■ EXERCISE INSTRUCTIONS
Though the entries hold pictures, only their text should be duplicated, exactly and in full.

[Stored dataset items]
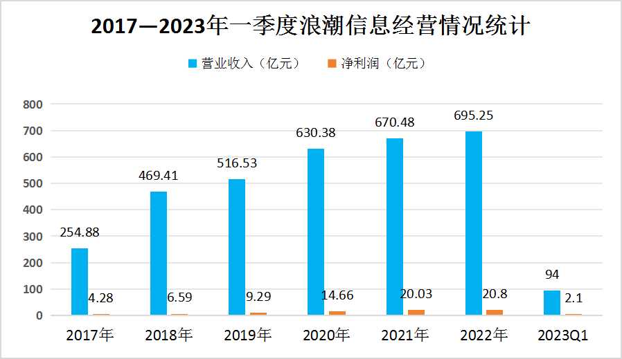 图表:2017—2023年一季度浪潮信息经营情况统计
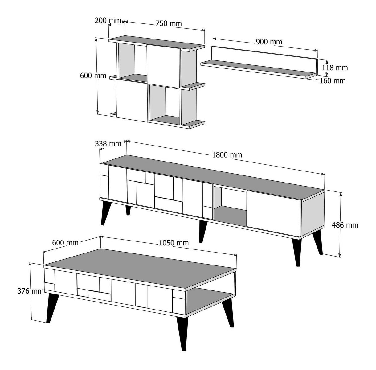 tloušťka: 18 mm, velikost TV jednotky: šířka: 180 cm, výška: 48,6 cm, hloubka: 33,8 cm, velikost skříňky: šířka: 75 cm, výška: 60 cm, hloubka: 20 cm, velikost nástěnné police: šířka: 90 cm, výška: 11,8 cm, hloubka: 16 cm, rozměr konferenčního stolku: šířka: 105 cm, výška: 37,6 cm, hloubka: 60 cm
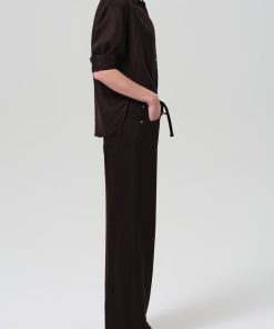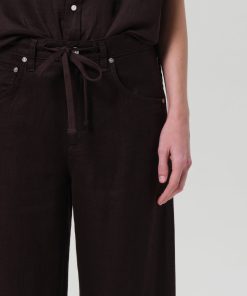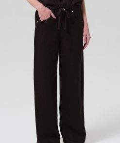 Looks Like: Deep dark brown linen trouser with drawstring detail
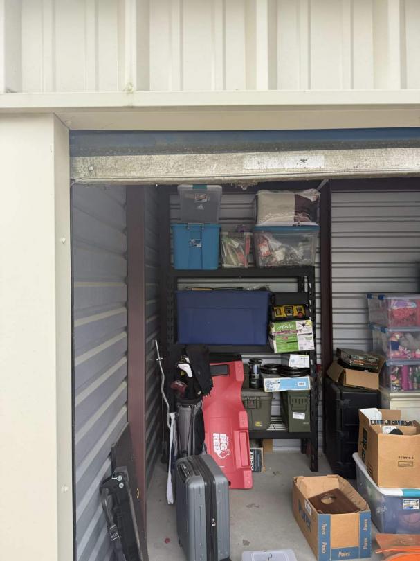 This unit appears to contain…Drive Up Access, Fenced & Gate, Security Cameras Golf clubs, bike rack, military ammo cans, jump box, car radio, wooden bat
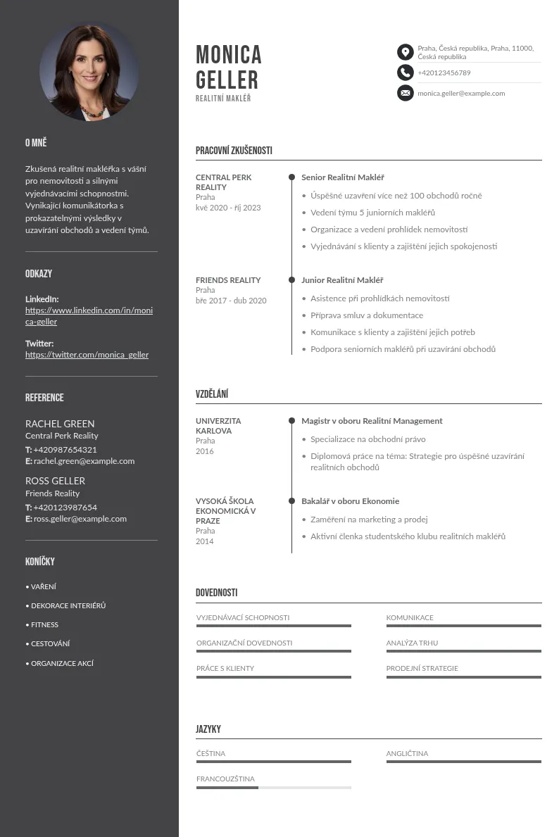 V následujícím podrobném průvodci psaním CV realitního makléře si názorně ukážeme:Níže naleznete vzorový příklad realitního makléře , kterým se můžete inspirovat při vytváření vlastního CVčka. Zabýváte se prodejem jiných aktiv, než jsou nemovitosti? Přečtěte si našeho podrobného průvodce psaním životopisu prodejce . Další příklady životopisů podle oboru jsou k dispozici na našem webu.
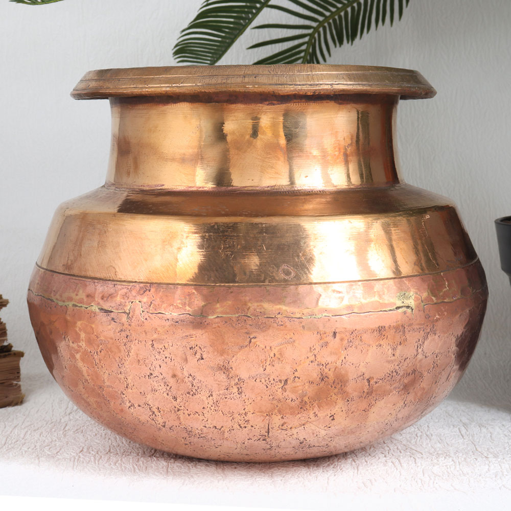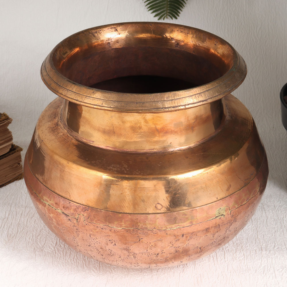Buy a vintage copper cooking pot online in an exquisite antique golden finish and get a hassle free delivery right at your doorstep. Handcrafted by highly skilled Indian artisans with a passion for preserving tradition, this culinary artefact is the epitome of artistry and functionality. Crafted from high-quality copper, it exudes an aura of nostalgia, reminding us of the rich culinary heritage of India. This vintage copper pot is a versatile addition to any space, be it your home, office, restaurant, hotel, cafe, or shop. Its shimmering golden finish adds a touch of elegance to any decor. While it may no longer serve its original cooking purpose, we recommend using it for decoration or as a unique flower pot, infusing charm into your surroundings. This piece is a vintage gem, best suited for display in your vintage collection or as an eye-catching exhibit in an art or antique exhibition. It also makes for a thoughtful gift for your family, friends or relatives on special, festive, or auspicious occasions, carrying with it the legacy of craftsmanship and tradition that is sure to be cherished for generations to come.
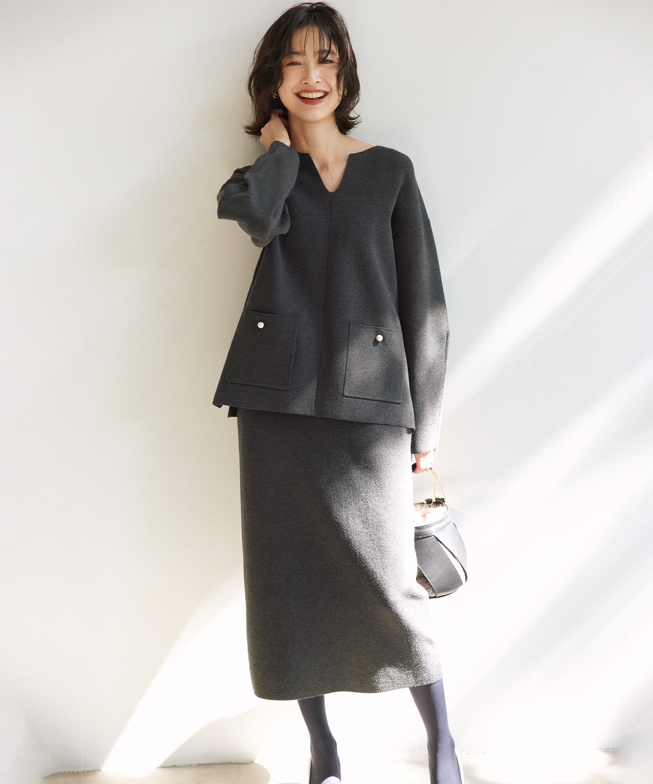 体のラインを拾いすぎない肉感なのでニットアップが苦手な方にもチャレンジしていただきたいアイテムです♪
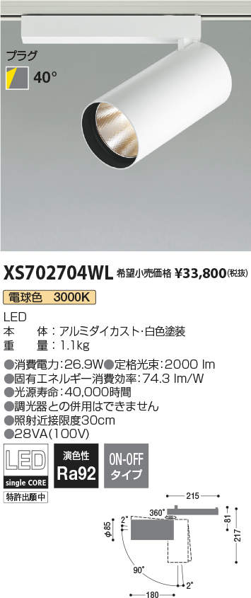 「美しい光」と「美しいプロポーション」にこだわったプロフェッショナルスポットライト。建築空間になじむシンプルなシリンダー形状、空間を邪魔しないフレアのない配光にこだわりました。電球色 3000K定格光束:2000lm消費電力:26.9W28VA(100V)演色性Ra92ON-OFFタイププラグタイプ本体:アルミダイカスト・白色塗装重量:1.1kg調光器との併用はできません照射近接限度30cm【LED照明】 【プラグタイプ】 【電球色】 【非調...[詳細を見る]
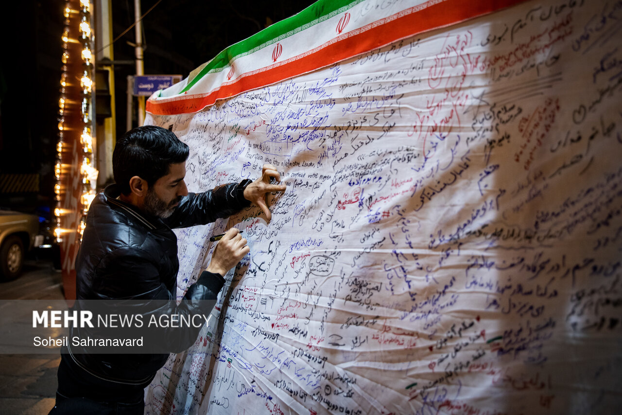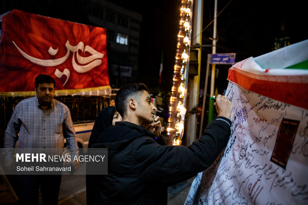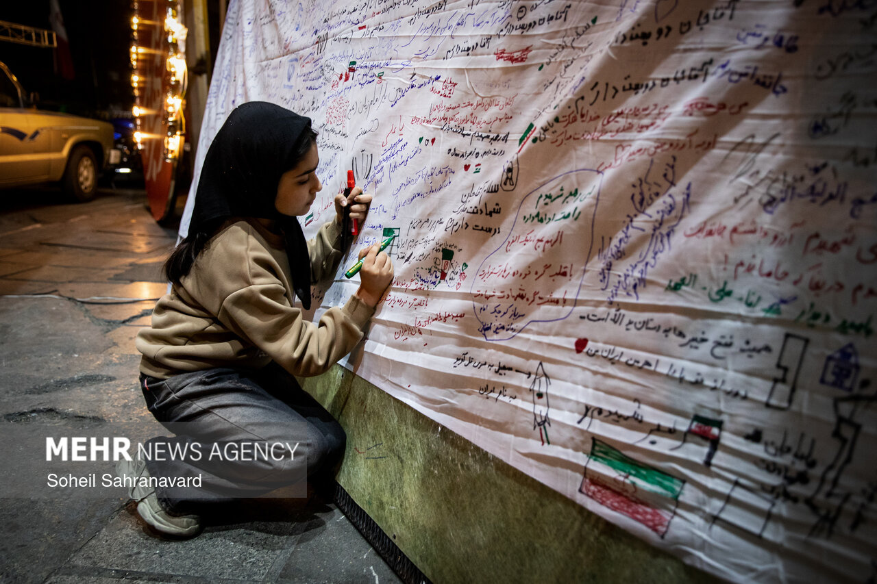 اقشار مختلف مردم در ایام جنگ رمضان و برای خنثی کردن توطئه احتمالی دشمن صهیونی، همدل و همصدا در خیابان کشوردوست روبروی مقتل رهبر شهید امام خامنه ای حاضر شدند.|منبع: مهر
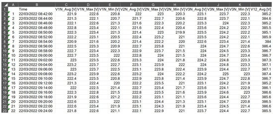The wattmeter installed conducted monitoring with a frequency of 120 s. For each time interval, a comprehensive set of output parameters was recorded. The structure of the datasets obtained is illustrated in Figure 2, where the time intervals are represented as rows and the parameters as columns.
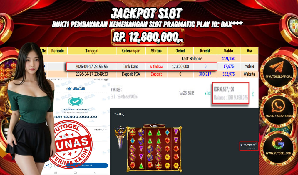 Selamat kepada USER ID : DAX*** Telah berhasil mendapatkan kemenangan besar pada YUTOGEL JACKPOT PRAGMATIC PLAY GATES OF OLYMPUS1000 RP. 12.800.000,. – LUNAS. Setelah mengisi formulir withdraw dengan kurung waktu hanya 5 – 10 menit pihak sudah melakukan transfer kepada pemilik User id dan dana sudah dapat dicairkan oleh pemenang. Bukti pembayaran yang kami berikan merupakan bukti pembayaran yang SAH/VALID yang langsung di dapatkan melalui tanda transfer transaksi dari Bank yang dituju.
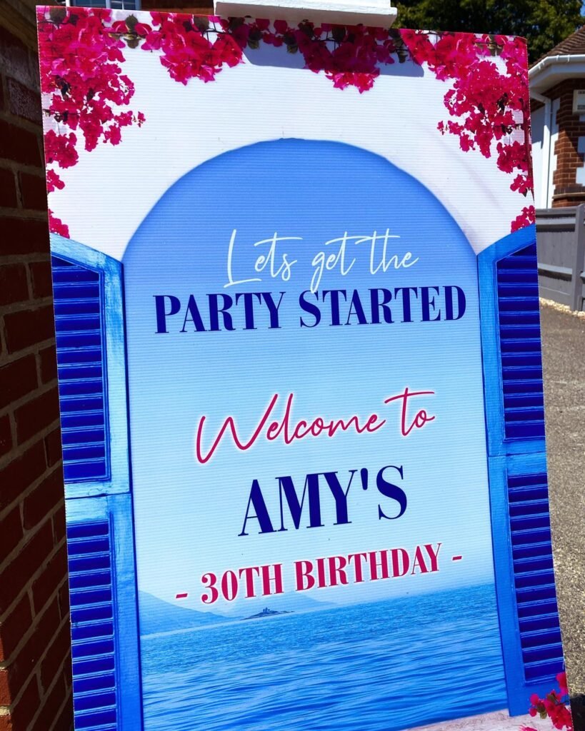 The beautiful blue shutters with cascading pink bougainvillea create that instant Greek island atmosphere. “Let’s get the PARTY STARTED” followed by “Welcome to AMY’S 30th BIRTHDAY” sets such a fun, celebratory tone.
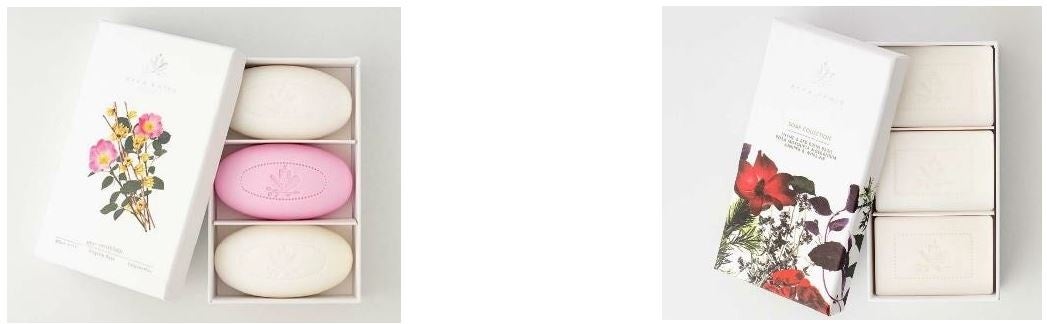 (右)柔らかくクリーミーな泡立ちで、肌に弾力を与えるローザモスクエータ&ゼラニウム ソープ、タイム&レッド ルビンバジル ソープ、ジュニパー&ホワイトファー ソープ(各150g)のセット。
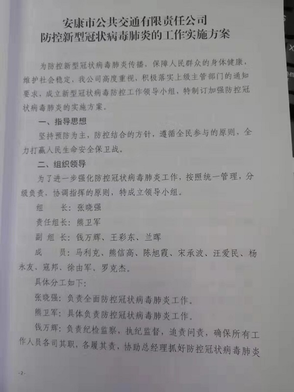 在節(jié)日前夕,公司召開疫情防控工作緊急部署會,成立新型冠狀病毒肺炎防控工作領導小組,部署防控疫情工作,要求各部門要本著“嚴密防控疫情、確保春運安全”的工作思路,全力以赴做好防控工作,發(fā)現(xiàn)問題第一時間上報,保證公交乘車環(huán)境安全。
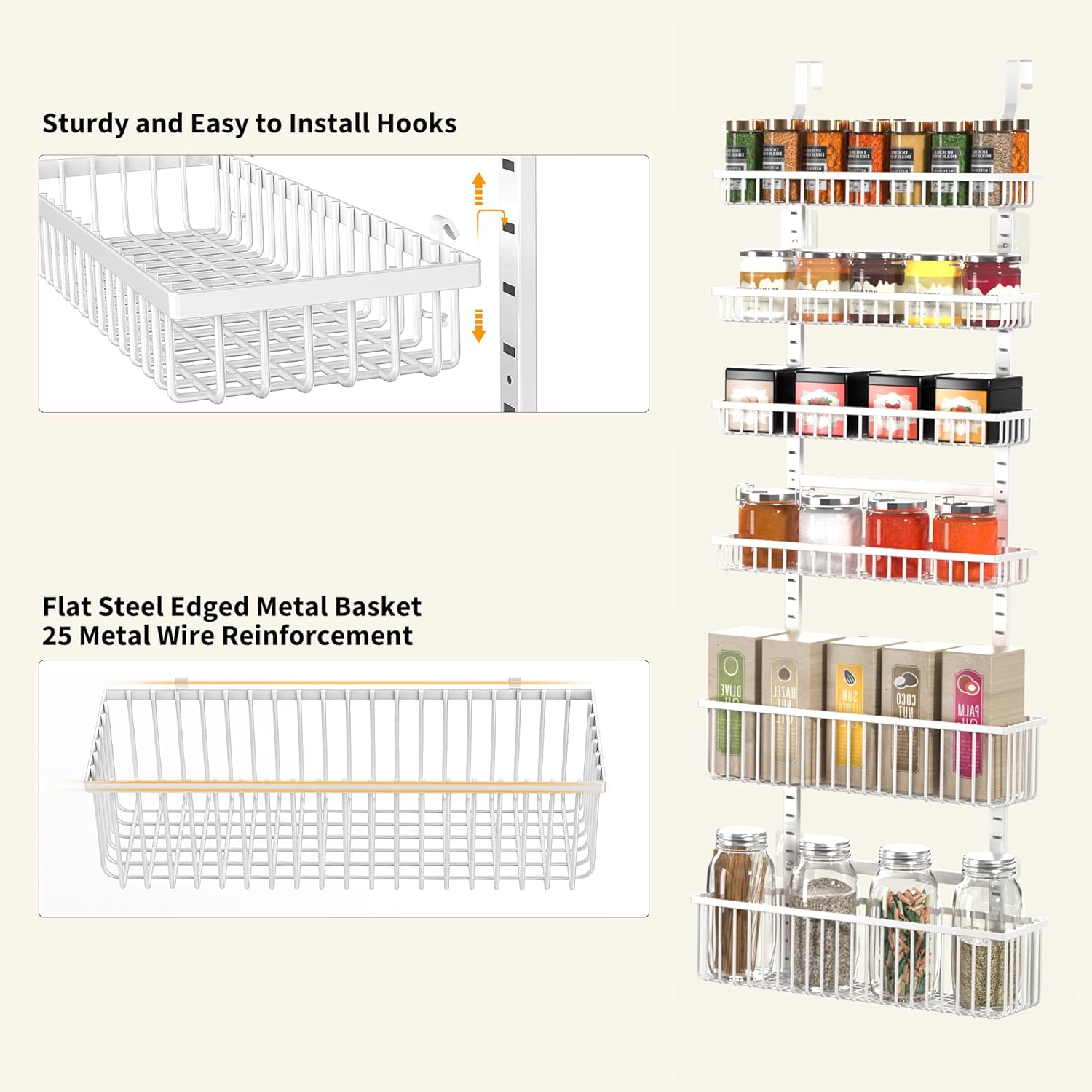 Maximize Your Space: Our 6-Tier over the door pantry organizer is designed to make the most of your storage space, allowing you to store more items in a smaller area such as spice and some jars. Perfect for small kitchens or those with limited storage space.

■ TASK RESPONSE
 图表:2017—2023年一季度浪潮信息经营情况统计
 tloušťka: 18 mm, velikost TV jednotky: šířka: 180 cm, výška: 48,6 cm, hloubka: 33,8 cm, velikost skříňky: šířka: 75 cm, výška: 60 cm, hloubka: 20 cm, velikost nástěnné police: šířka: 90 cm, výška: 11,8 cm, hloubka: 16 cm, rozměr konferenčního stolku: šířka: 105 cm, výška: 37,6 cm, hloubka: 60 cm
 Looks Like: Deep dark brown linen trouser with drawstring detail
 This unit appears to contain…Drive Up Access, Fenced & Gate, Security Cameras Golf clubs, bike rack, military ammo cans, jump box, car radio, wooden bat
 V následujícím podrobném průvodci psaním CV realitního makléře si názorně ukážeme:Níže naleznete vzorový příklad realitního makléře , kterým se můžete inspirovat při vytváření vlastního CVčka. Zabýváte se prodejem jiných aktiv, než jsou nemovitosti? Přečtěte si našeho podrobného průvodce psaním životopisu prodejce . Další příklady životopisů podle oboru jsou k dispozici na našem webu.
Buy a vintage copper cooking pot online in an exquisite antique golden finish and get a hassle free delivery right at your doorstep. Handcrafted by highly skilled Indian artisans with a passion for preserving tradition, this culinary artefact is the epitome of artistry and functionality. Crafted from high-quality copper, it exudes an aura of nostalgia, reminding us of the rich culinary heritage of India. This vintage copper pot is a versatile addition to any space, be it your home, office, restaurant, hotel, cafe, or shop. Its shimmering golden finish adds a touch of elegance to any decor. While it may no longer serve its original cooking purpose, we recommend using it for decoration or as a unique flower pot, infusing charm into your surroundings. This piece is a vintage gem, best suited for display in your vintage collection or as an eye-catching exhibit in an art or antique exhibition. It also makes for a thoughtful gift for your family, friends or relatives on special, festive, or auspicious occasions, carrying with it the legacy of craftsmanship and tradition that is sure to be cherished for generations to come.
 体のラインを拾いすぎない肉感なのでニットアップが苦手な方にもチャレンジしていただきたいアイテムです♪
 「美しい光」と「美しいプロポーション」にこだわったプロフェッショナルスポットライト。建築空間になじむシンプルなシリンダー形状、空間を邪魔しないフレアのない配光にこだわりました。電球色 3000K定格光束:2000lm消費電力:26.9W28VA(100V)演色性Ra92ON-OFFタイププラグタイプ本体:アルミダイカスト・白色塗装重量:1.1kg調光器との併用はできません照射近接限度30cm【LED照明】 【プラグタイプ】 【電球色】 【非調...[詳細を見る]
 اقشار مختلف مردم در ایام جنگ رمضان و برای خنثی کردن توطئه احتمالی دشمن صهیونی، همدل و همصدا در خیابان کشوردوست روبروی مقتل رهبر شهید امام خامنه ای حاضر شدند.|منبع: مهر
The wattmeter installed conducted monitoring with a frequency of 120 s. For each time interval, a comprehensive set of output parameters was recorded. The structure of the datasets obtained is illustrated in Figure 2, where the time intervals are represented as rows and the parameters as columns.
 Selamat kepada USER ID : DAX*** Telah berhasil mendapatkan kemenangan besar pada YUTOGEL JACKPOT PRAGMATIC PLAY GATES OF OLYMPUS1000 RP. 12.800.000,. – LUNAS. Setelah mengisi formulir withdraw dengan kurung waktu hanya 5 – 10 menit pihak sudah melakukan transfer kepada pemilik User id dan dana sudah dapat dicairkan oleh pemenang. Bukti pembayaran yang kami berikan merupakan bukti pembayaran yang SAH/VALID yang langsung di dapatkan melalui tanda transfer transaksi dari Bank yang dituju.
 The beautiful blue shutters with cascading pink bougainvillea create that instant Greek island atmosphere. “Let’s get the PARTY STARTED” followed by “Welcome to AMY’S 30th BIRTHDAY” sets such a fun, celebratory tone.
 (右)柔らかくクリーミーな泡立ちで、肌に弾力を与えるローザモスクエータ&ゼラニウム ソープ、タイム&レッド ルビンバジル ソープ、ジュニパー&ホワイトファー ソープ(各150g)のセット。
 在節(jié)日前夕,公司召開疫情防控工作緊急部署會,成立新型冠狀病毒肺炎防控工作領導小組,部署防控疫情工作,要求各部門要本著“嚴密防控疫情、確保春運安全”的工作思路,全力以赴做好防控工作,發(fā)現(xiàn)問題第一時間上報,保證公交乘車環(huán)境安全。
 Maximize Your Space: Our 6-Tier over the door pantry organizer is designed to make the most of your storage space, allowing you to store more items in a smaller area such as spice and some jars. Perfect for small kitchens or those with limited storage space.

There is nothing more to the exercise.